Collected data —
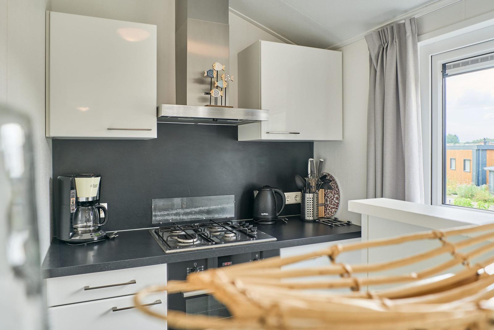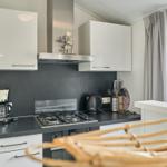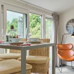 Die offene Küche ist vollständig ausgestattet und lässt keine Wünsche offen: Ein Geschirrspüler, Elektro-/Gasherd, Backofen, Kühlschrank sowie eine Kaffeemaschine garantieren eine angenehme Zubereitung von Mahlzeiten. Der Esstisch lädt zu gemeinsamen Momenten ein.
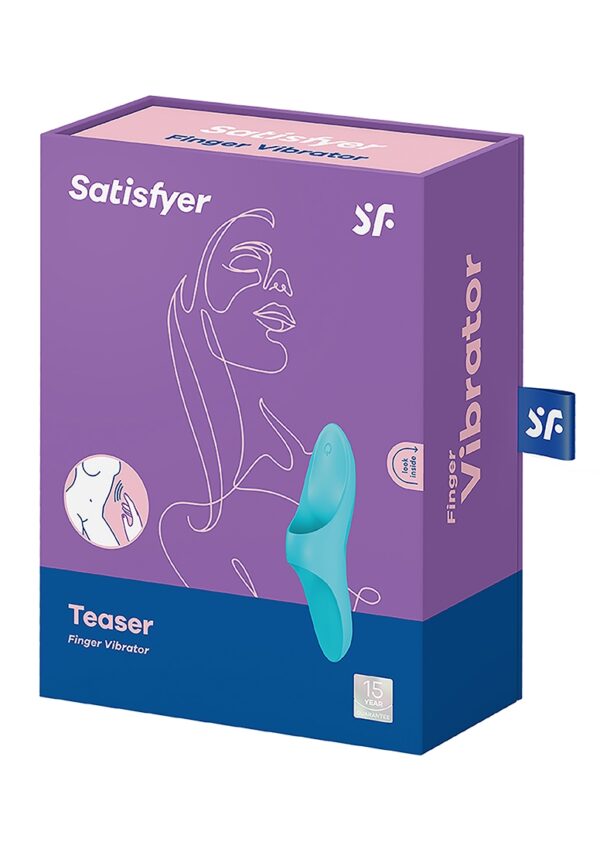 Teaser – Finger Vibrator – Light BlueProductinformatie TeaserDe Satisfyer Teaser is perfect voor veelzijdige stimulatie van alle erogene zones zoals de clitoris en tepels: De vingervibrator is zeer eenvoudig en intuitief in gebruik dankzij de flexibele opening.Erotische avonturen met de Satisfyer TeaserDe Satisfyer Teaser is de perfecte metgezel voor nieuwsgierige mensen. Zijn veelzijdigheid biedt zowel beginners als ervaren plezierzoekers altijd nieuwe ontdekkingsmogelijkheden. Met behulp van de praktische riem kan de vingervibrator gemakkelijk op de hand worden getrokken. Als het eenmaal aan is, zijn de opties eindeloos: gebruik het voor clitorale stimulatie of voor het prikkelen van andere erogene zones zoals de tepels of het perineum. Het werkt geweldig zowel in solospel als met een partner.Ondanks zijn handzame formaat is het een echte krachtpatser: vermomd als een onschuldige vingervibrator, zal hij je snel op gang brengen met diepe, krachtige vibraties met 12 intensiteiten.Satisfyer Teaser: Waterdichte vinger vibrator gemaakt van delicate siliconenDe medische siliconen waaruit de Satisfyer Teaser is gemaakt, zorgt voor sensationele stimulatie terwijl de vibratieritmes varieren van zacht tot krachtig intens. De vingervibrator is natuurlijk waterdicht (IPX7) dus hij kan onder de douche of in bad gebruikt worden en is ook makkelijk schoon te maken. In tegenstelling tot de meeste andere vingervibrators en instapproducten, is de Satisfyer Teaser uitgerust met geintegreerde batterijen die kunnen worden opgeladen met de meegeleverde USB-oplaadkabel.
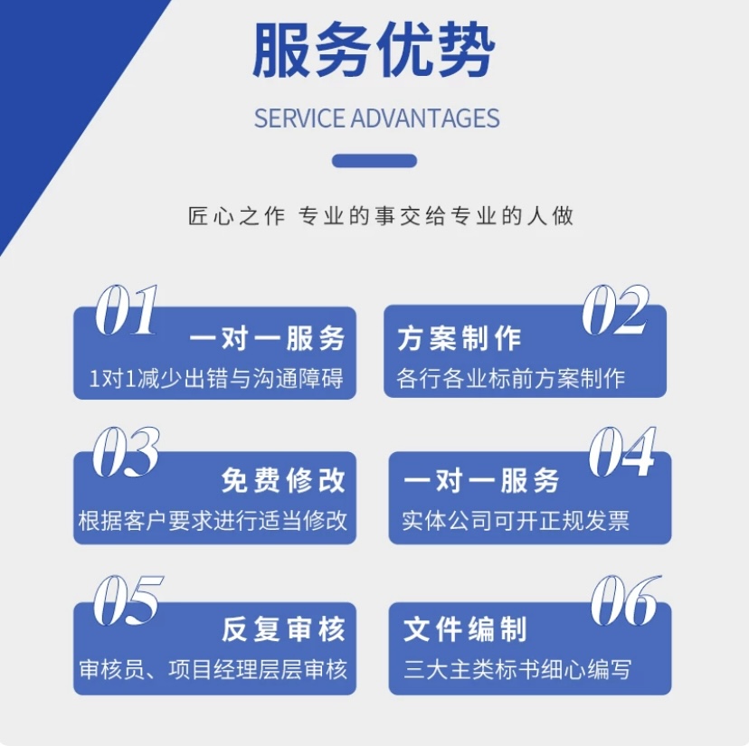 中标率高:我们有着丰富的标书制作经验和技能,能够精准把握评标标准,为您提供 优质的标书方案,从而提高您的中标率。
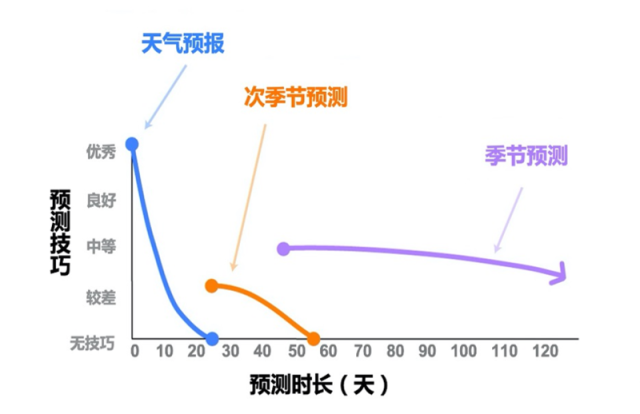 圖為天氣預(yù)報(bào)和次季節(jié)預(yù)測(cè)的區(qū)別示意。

Task instructions — An unchanged copy of the data, images excluded, is all that should be given.

Result of the exercise —
 Die offene Küche ist vollständig ausgestattet und lässt keine Wünsche offen: Ein Geschirrspüler, Elektro-/Gasherd, Backofen, Kühlschrank sowie eine Kaffeemaschine garantieren eine angenehme Zubereitung von Mahlzeiten. Der Esstisch lädt zu gemeinsamen Momenten ein.
 Teaser – Finger Vibrator – Light BlueProductinformatie TeaserDe Satisfyer Teaser is perfect voor veelzijdige stimulatie van alle erogene zones zoals de clitoris en tepels: De vingervibrator is zeer eenvoudig en intuitief in gebruik dankzij de flexibele opening.Erotische avonturen met de Satisfyer TeaserDe Satisfyer Teaser is de perfecte metgezel voor nieuwsgierige mensen. Zijn veelzijdigheid biedt zowel beginners als ervaren plezierzoekers altijd nieuwe ontdekkingsmogelijkheden. Met behulp van de praktische riem kan de vingervibrator gemakkelijk op de hand worden getrokken. Als het eenmaal aan is, zijn de opties eindeloos: gebruik het voor clitorale stimulatie of voor het prikkelen van andere erogene zones zoals de tepels of het perineum. Het werkt geweldig zowel in solospel als met een partner.Ondanks zijn handzame formaat is het een echte krachtpatser: vermomd als een onschuldige vingervibrator, zal hij je snel op gang brengen met diepe, krachtige vibraties met 12 intensiteiten.Satisfyer Teaser: Waterdichte vinger vibrator gemaakt van delicate siliconenDe medische siliconen waaruit de Satisfyer Teaser is gemaakt, zorgt voor sensationele stimulatie terwijl de vibratieritmes varieren van zacht tot krachtig intens. De vingervibrator is natuurlijk waterdicht (IPX7) dus hij kan onder de douche of in bad gebruikt worden en is ook makkelijk schoon te maken. In tegenstelling tot de meeste andere vingervibrators en instapproducten, is de Satisfyer Teaser uitgerust met geintegreerde batterijen die kunnen worden opgeladen met de meegeleverde USB-oplaadkabel.
 中标率高:我们有着丰富的标书制作经验和技能,能够精准把握评标标准,为您提供 优质的标书方案,从而提高您的中标率。
 圖為天氣預(yù)報(bào)和次季節(jié)預(yù)測(cè)的區(qū)別示意。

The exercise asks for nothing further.